◆ The task: In the material below, begin at the line that has "本网讯 1月4日下午,全省高", stop after the line that has "This is an authentic", and transcribe those lines exactly, without pictures.
*** Opening of Given material ***
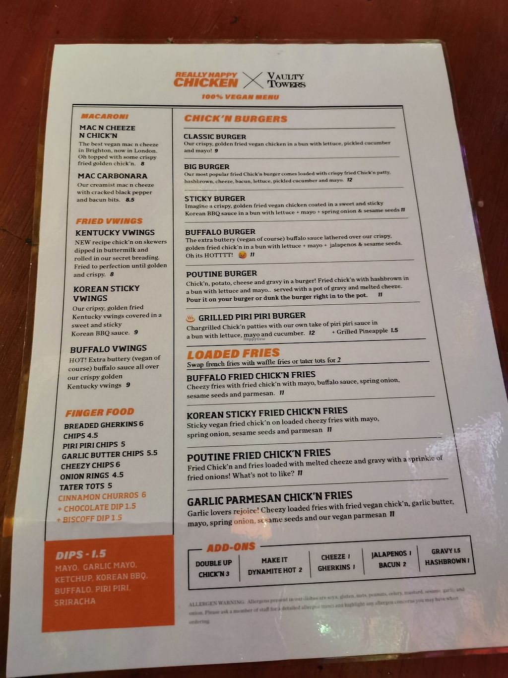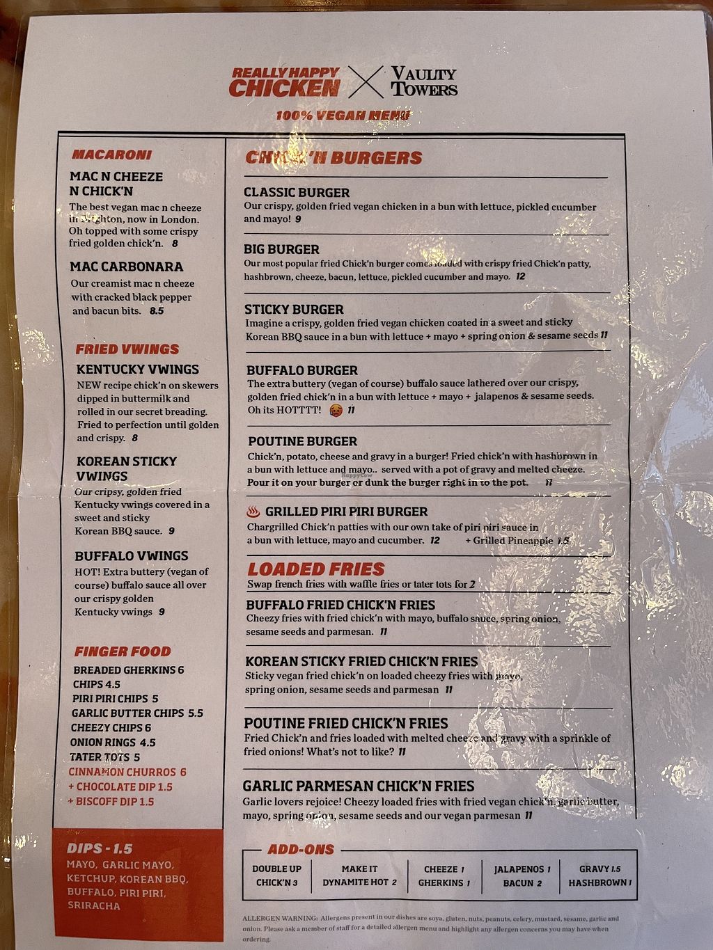 The menu
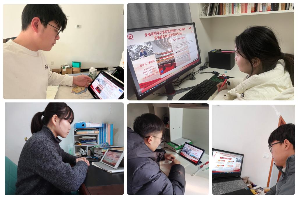 本网讯 1月4日下午,全省高校学习宣传贯彻党的二十大精神宣讲报告会(合肥高校专场)在安徽大学举行。省委宣讲团成员、省级师生巡讲团成员、党的二十大代表、安徽大学党委书记蔡敬民教授为广大师生宣讲党的二十大精神。我院党委高度重视,认真组织党员干部、思政课教师、专职辅导员、广大学生通过收看线上直播的方式聆听了宣讲报告。
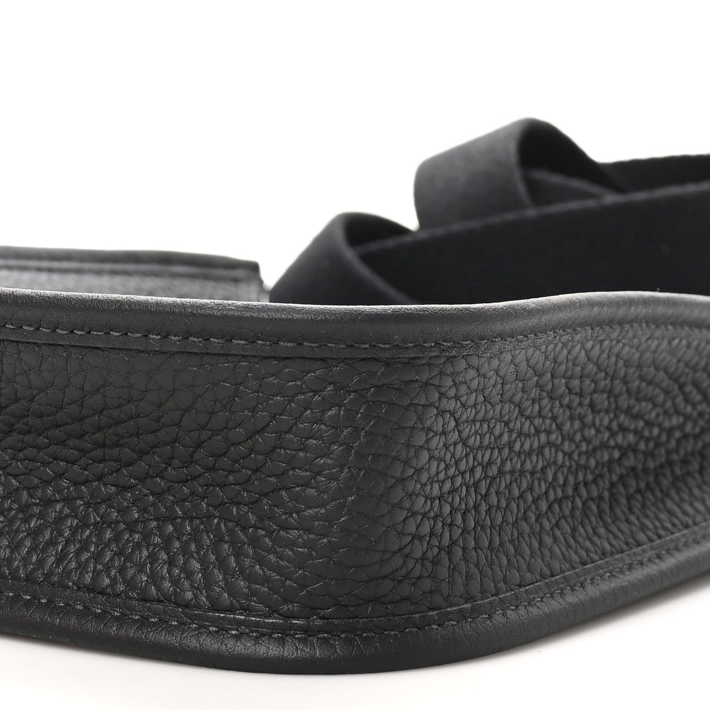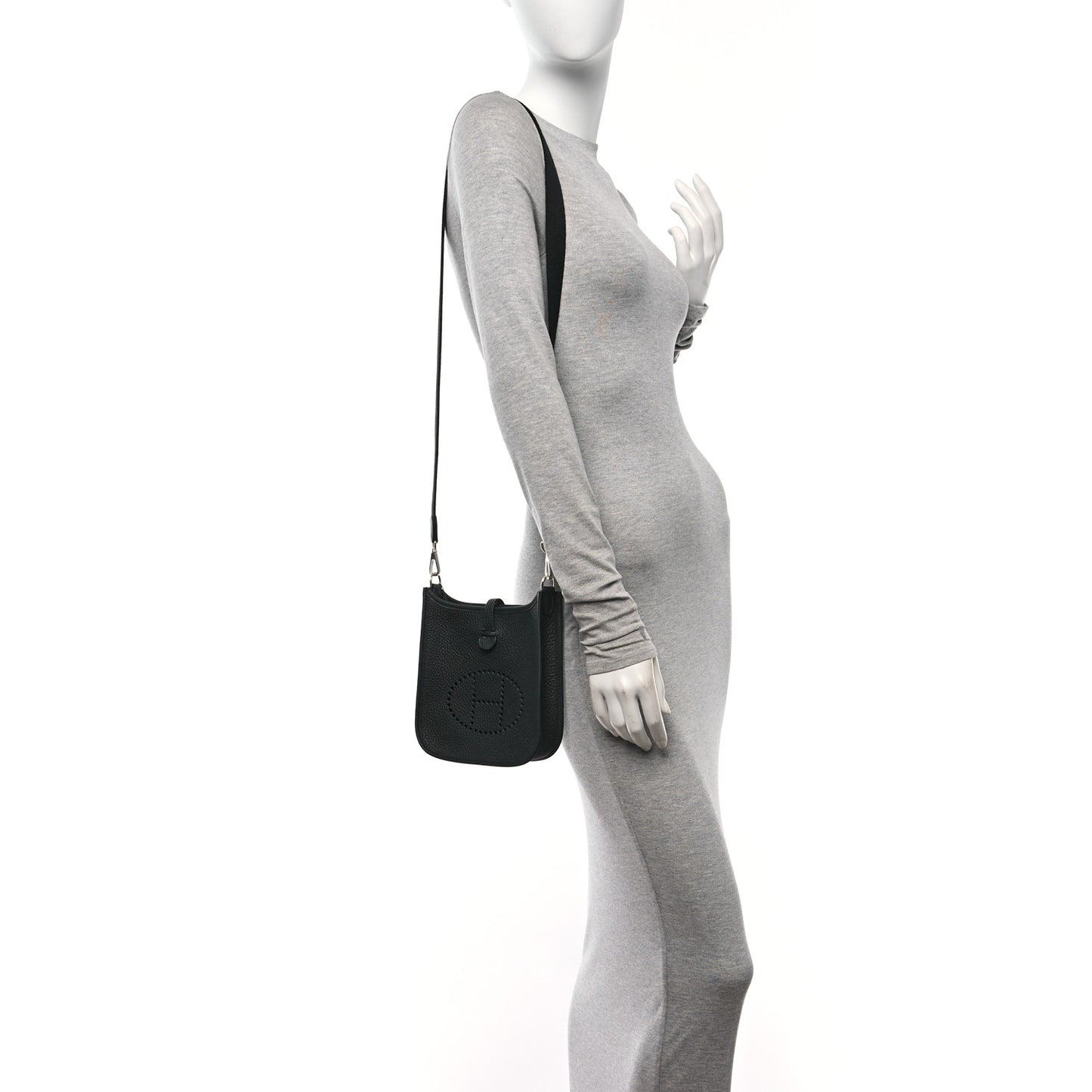 This is an authentic HERMES Taurillon Clemence Evelyne TPM in Black. This classic small shoulder bag is crafted of clemence calfskin leather in black with a front perforated Hermes "H" oval. The crossbody bag features a black canvas shoulder strap with polished palladium hardware. The top crossover strap and snap open to an interior of black suede.Follow this item for alerts. Hermes is a registered trademark of Hermes. FASHIONPHILE is not affiliated with Hermes.
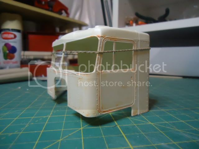 The last one is a AMT Kenworth K123 that I cut down to a 63" daycab. The plan is Yellow Freight; so it'll be Swamp Holly Orange with a single axle black frame. The cab will be "updated" to a 1974-ish, so the Cummins NTA370 will be Cummins Beige. Well, that's the plan, anyway.
*** Close of Given material ***
◆ Answer to this problem:
 本网讯 1月4日下午,全省高校学习宣传贯彻党的二十大精神宣讲报告会(合肥高校专场)在安徽大学举行。省委宣讲团成员、省级师生巡讲团成员、党的二十大代表、安徽大学党委书记蔡敬民教授为广大师生宣讲党的二十大精神。我院党委高度重视,认真组织党员干部、思政课教师、专职辅导员、广大学生通过收看线上直播的方式聆听了宣讲报告。
 This is an authentic HERMES Taurillon Clemence Evelyne TPM in Black. This classic small shoulder bag is crafted of clemence calfskin leather in black with a front perforated Hermes "H" oval. The crossbody bag features a black canvas shoulder strap with polished palladium hardware. The top crossover strap and snap open to an interior of black suede.Follow this item for alerts. Hermes is a registered trademark of Hermes. FASHIONPHILE is not affiliated with Hermes.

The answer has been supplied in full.